Expert Panel on Forests for Social and Economic Resilience 2025
Given the increasingly rapid, unpredictable, and unprecedented global changes linked to the twin climate change and biodiversity crises, fostering resilience has become a key policy issue. Many international organizations have adopted resilience strategies across various policy areas aiming to enhance societal capacities for "bouncing back" and adapting in the face of shocks and disturbances.
Regarding forest management and forest landscape restoration, ‘resilience thinking’ has emerged as a new paradigm. However, most of the forest sector research continues to apply the narrower concepts of engineering resilience or ecological resilience, instead of adopting a more holistic socio-ecological resilience approach.
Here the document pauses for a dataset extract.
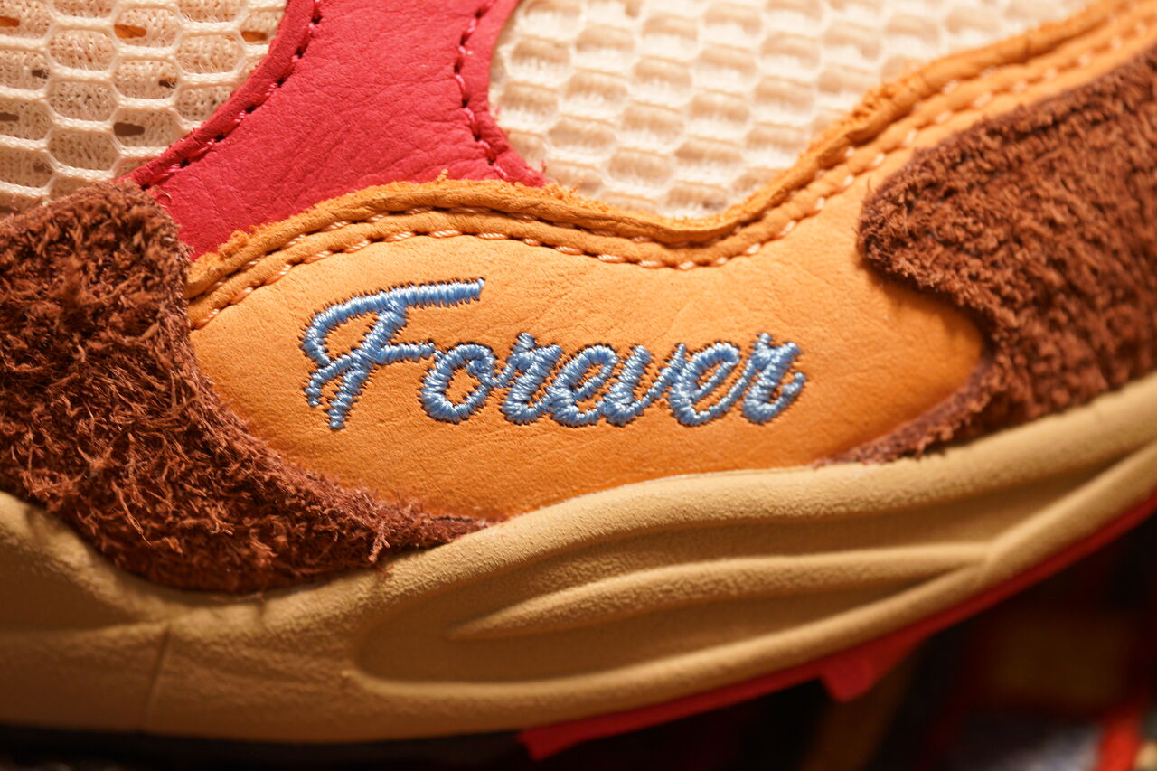 アッパーは毛足の長いスエードと天然皮革×メッシュのコンビ。ブラウン系がメインカラーとなっていますが、アクセントとしてサイドのリバーマーク周りをピンクっぽいレザーで囲んでいます。ヒール周りも同じカラーを採用。ブラウン系に濃いピンクの組合せは相性が良いので納得なのですが、そこにグリーンを差してくるのはJAE TIPSならではのセンスということなのでしょうか?僕この人のことなんも知らないけど。

Several studies have emphasized the important role of forests and trees in contributing to social and economic resilience by, for example, acting as safety nets in times of emergency, as sources of employment and of essential products, as providers of possibilities for income diversification, as protection to settlements by reducing the risk of floods and other extreme weather events, or as spaces for physical and mental health enhancing personal resilience.
Given the multi-dimensional relationships between forests and social and economic resilience, and the cross-sectoral nature of the topic, a thorough scientific assessment of these relationships is needed. Such an assessment will provide a solid contribution to current and upcoming global discussions and platforms, and will support integrated, holistic, and effective policy responses. To this end, IUFRO has initiated a new global scientific assessment on forests for social and economic resilience in the frame of the CPF’s Global Forest Expert Panels (GFEP) initiative.